With all that as a backdrop, the 1995 game was always going to be labelled 'extremely flammable'. The uncharacteristic heat played its part too. "Outside the ground, I think the temperature was 28, 29 degrees," says Jody Gormley, Tyrone's midfielder that day. "Inside Clones, with the crowd and everything else, the temperature was certainly higher than that."
And because of that, "Maybe we didn't cope all that well with the situation in the first half," says Gormley with understatement.
They had their pre-game stuff right. For all the gruff persona that he did little to discourage, then-Tyrone manager Art McRory was a multi-layered character. With tastes ranging from the opera to his stewardship of greyhounds, he was up with the science of the time and Tyrone had their hydration and electrolytes on board.

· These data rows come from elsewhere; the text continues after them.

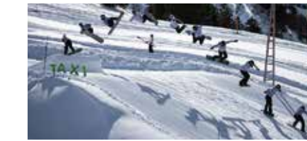
Snowpark Shredisfaction BEIM SKILIFT HOLIBRIG, BIS ZU VIER LINES MIT DIVERSEN RAILS, BOXEN UND KICKERN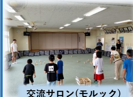
交流サロン(モルック)

見守り・支え合いの活動を町会が中心となり民生委員、学校、福祉施設などの関係機関が一緒に取り組んでいます。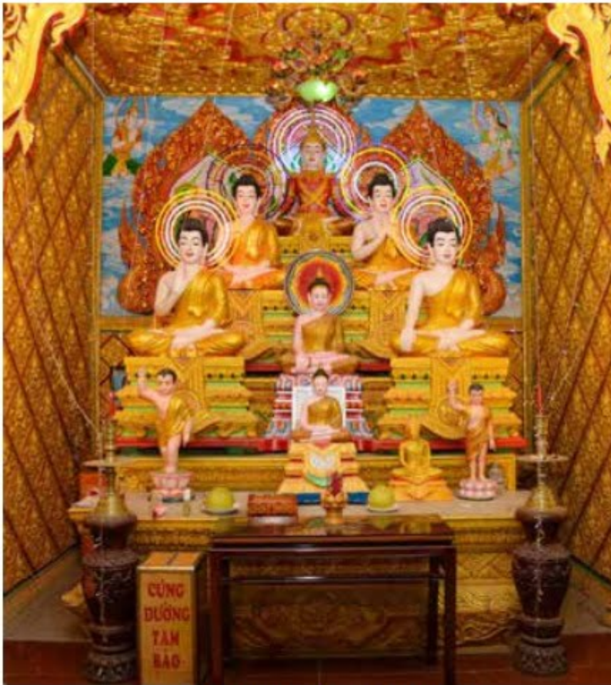
Bàn thờ Đức Phật trong sala tenne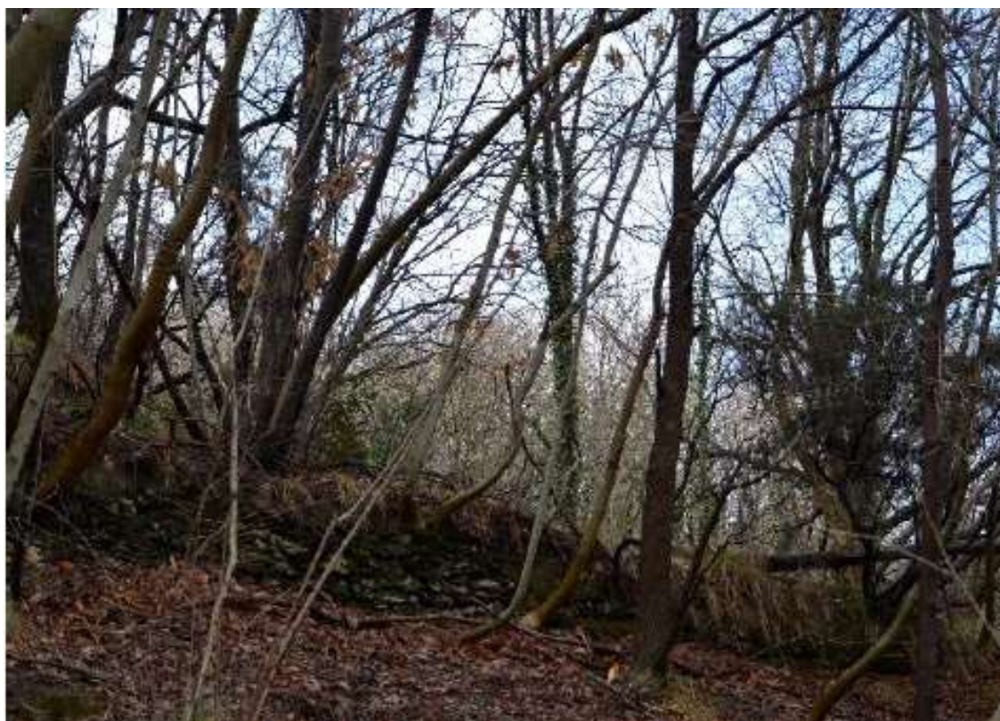
Figura 17 Area boscata nel versante Sud dell'autostrada A12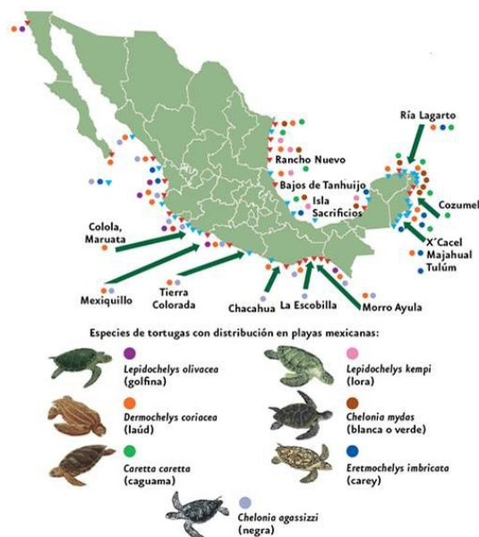
Figura 4. Especies de tortugas marinas y distribución en playas mexicanas (PROFEPA, 2019).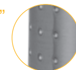
Ligne "Nathalie" finition nickel mat avec poinçons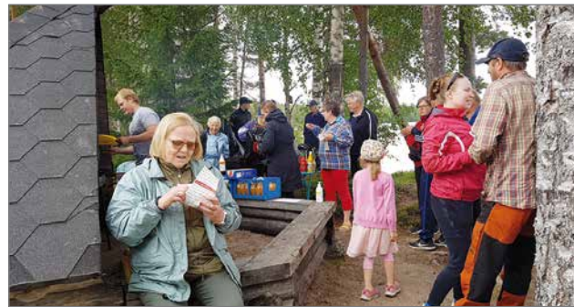
Avajaispäivän kävijämäärä yllätti myönteisesti kyläseuran.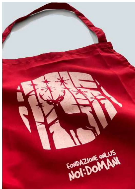
GREMBIULI DONAZIONE MINIMA € 10,00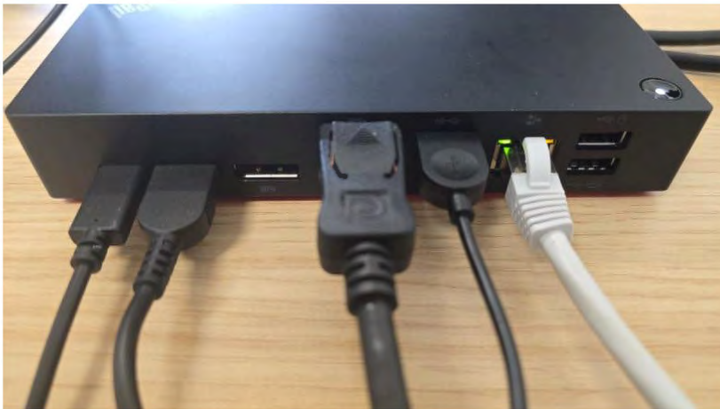
Connectiques à l'arrière du dock

(NB : Le cable Réseau ici en blanc est facultatif si le PC est connecté à Internet en WIFI)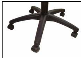
BASE PLASTICA ELLITTICA Elliptic plastic base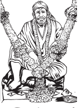
జూలై సంచిక తరువాయి

What they weren't expecting was an early red card for Seamus McCallan, followed by another when Pascal Canavan sent a flurry of flakes into Damian Barton's face as he held him by the throat. Tyrone looked sunk. McCusker knew Cavan ref Michael Greenan would be put under pressure. "He was cornered in the changing rooms at half-time. Art was waiting for him and ambushed him," he says. "I can imagine the referee's state of mind as he came out for the second half. We were well-schooled for what was going to happen."

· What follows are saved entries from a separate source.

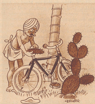
Der Fakir wechselt das Sattelkissen Le fakir change de coussin de selle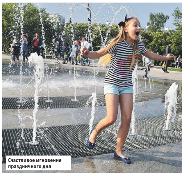
Счастливые мгновения праздничного дня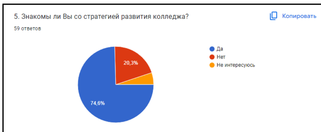
Диаграмма 5. Знакомы ли Вы со стратегией развития колледжа?

Вывод: 74,6% преподавателей знакомы со стратегическими целями колледжа, а 25,4% - нет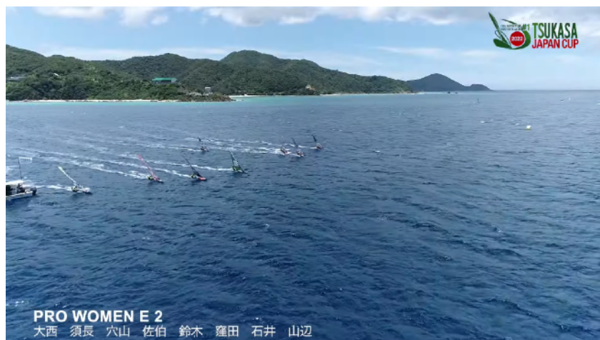
プロウィメンズ レース2 スタート風景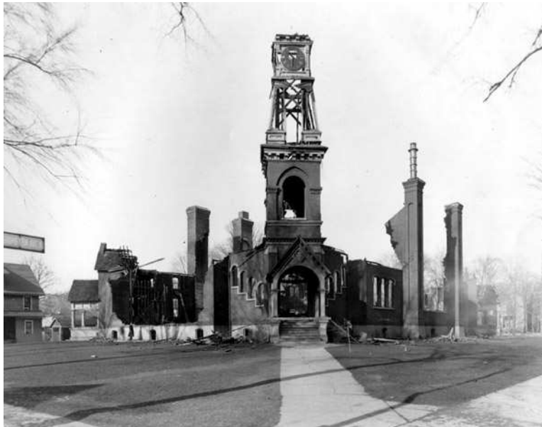
Le « Dime Tabernacle » de Battle Creek après l'incendie de 1922.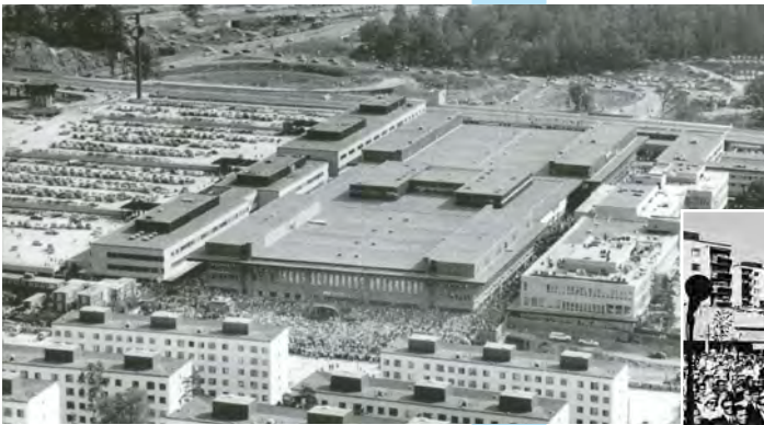
Okänd, Coggs bildbyrå U. Simonsson, Stadsmuséet i Stockholm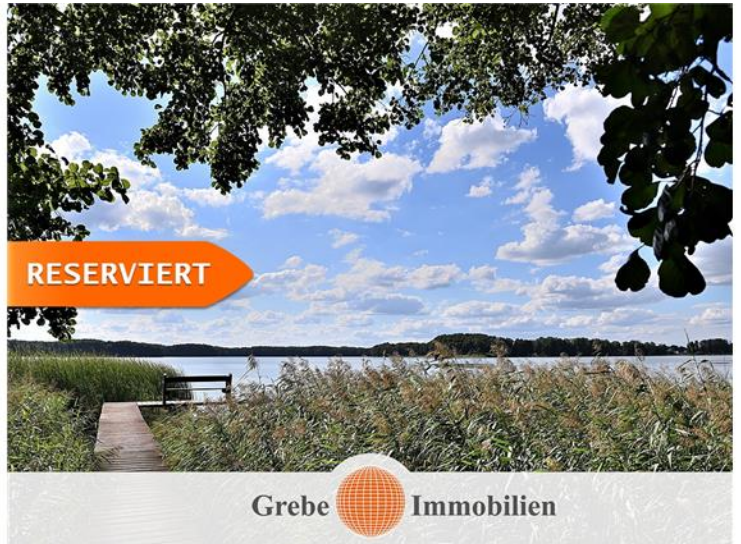
ein Tag im Sommer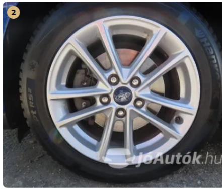
✓ Felnik Könnyűfém felni gyári. -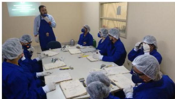
Foto 1 – Oficina de higienização de documentos em Belém-PA - 2016

As oficinas eram realizadas mensalmente e ministradas por professores, técnicos e outros profissionais parceiros do arquivo comprometidos com a valorização do patrimônio documental da Amazônia. Os temas eram voltados ao tratamento e à preservação do acervo documental histórico do judiciário. Assim, foram realizadas oficinas de higienização de documentos, documentação judicial como fonte de pesquisa e descrição arquivística. As oficinas eram realizadas em Belém, porém foi possível realizar uma de higienização de documentos na cidade de Bragança durante a programação da Semana Nacional de Arquivos organizada pelo curso de história da UFPA.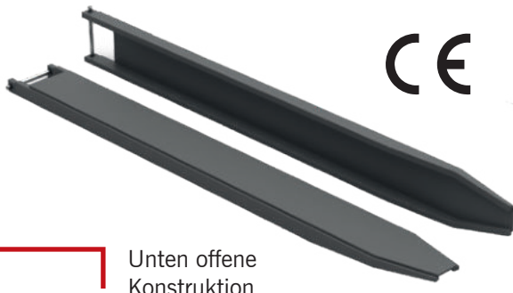
Unten offene Konstruktion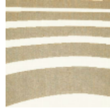
3434-06 ILLUSION - BEIGE *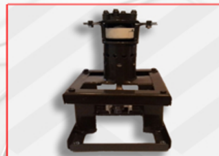
БИНАРНЫЙ ДВИГАТЕЛЬ ВНУТРЕННЕГО СГОРАНИЯ.

And then… "I was sent off for a brush with Peter Canavan. That's all it could be described as. I was going out with the ball, fisted it over his head and Peter ran into me, lay down and I was sent off."
Gormley's recollection is of Dr John Kremer, a renowned Sports Psychologist attached to Queen's University and part of the Tyrone backroom team, loosening the tension at half-time.

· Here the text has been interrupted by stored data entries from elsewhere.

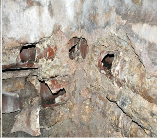
Görsel 6: Sıcaklık künkler görünüş

Kuzeybatıda yerleştirilen halvet hücresi giriş kısmında kapıdan sonra içerisi yaklaşık 2.43x2.45 m. ölçülerinde kare bir plana sahip olup üzeri tromplarla geçilen küçük bir kubbe (Görsel 5) ile kapatılmıştır. Yuvarlak ışık gözleri açılan kubbenin altındaki halvet hücresinin külhanla birleşen doğu duvarı üzerinde sıcaklıktaki gibi daha dar tutulan iki lüleli kurna ayna taşı yer almaktadır. İçerisi tamamen sıvalı olan halvet hücresinin cehennemlik kısmı kaldırılmış ve burası tahrip edilmiştir. Halvet hücresinin kuzey ve doğu duvarı üzerinde farklı iki seviyede uzanan su künkleri burada da açıktadır. Sıcaklığın ve halvet hücresinin iç duvar dokusundan ayrıca bacası şimdi kalmayan tüteklikler de görülmektedir.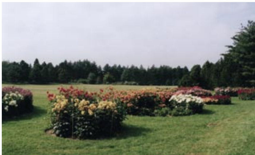
Uspořádání sbírek v Dendrologické zahradě Výzkumného ústavu Silva Taroucy pro krajinu a okrasné zahradnictví v Průhonících s využitím některých částí původních výsadeb Dendrologické společnosti.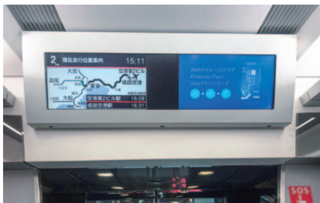
N'EXトレインチャンネル

ニュース、天気予報、フライト情報(下り東京～成田空港間のみ)等のN'EXを利用するお客さま向け必須情報とともに放映することで、より高い注目率の獲得が期待できます。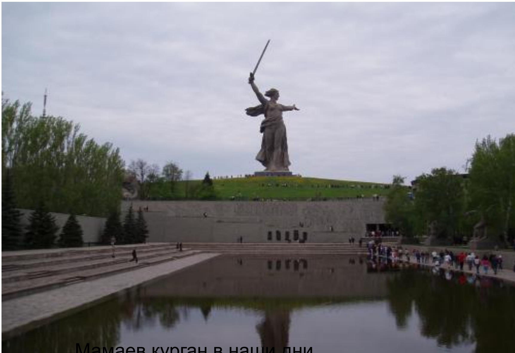
Мамаев курган в наши дни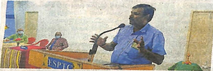
■ விழுப்புரம் இ.எஸ்., பாலிடெக்னிக் கல்லூரியில், வேலைவாய்ப்பு மற்றும் திறனறிவு நிகழ்ச்சி நடந்தது.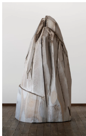
国松希根太《GLACIER MOUNTAIN》2022年 木（ミズナラ）にアクリル絵具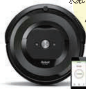
アイロボット iRobot ロボット掃除機 ルンバe5 ブラック

AerForce クリーニングシステム搭載。水洗い可能なダスト容器など、お手入れも手軽なハイエンドモデル。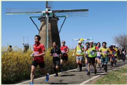
オランダ風車(リーフデ)

Tyrone would nibble away at Derry's lead. Canavan was inspired, giving birth to the old joke about taxis only having to carry four passengers, while Canavan carried 14 that very day. But the mood was ugly in the Gerry Arthurs Stand.
"It was the most vitriolic and poisonous atmosphere of a Gaelic football match I think I was ever at," states McCusker. Although he was from the heart of south Derry in Maghera, he had spent enough nights in Cookstown to recognise the edge between the two counties.
As the heat exacted its toll, the sides were locked at ten points each before Stephen Lawn - himself from Cookstown - raced out to take a handpass to Canavan on the sideline, turning Gary Coleman as he gathered the ball, prompting Jimmy Magee to say in the commentary gallery, "His foot went out but the ball stayed in."
When faced with a retreating Tohill, he turned back and found Jody Gormley in a perfect position to float over with his left foot.
"There could have been as much as four or five minutes to go. At the time it was just an opportunity to score, a great pass from Stephen and I was in a position where I couldn't really miss," he recalls.
Tyrone held on and reached an All-Ireland final that they still fume about the injustices of. That's how strong Ulster was back then in those pre-back door times.
"The beauty of those games were that it was s**t or bust. It was all-in," says McCusker. Tonight, the cross-Sperrins rivalry continues. League is league and all that, but this is a rivalry that never loses its appeal.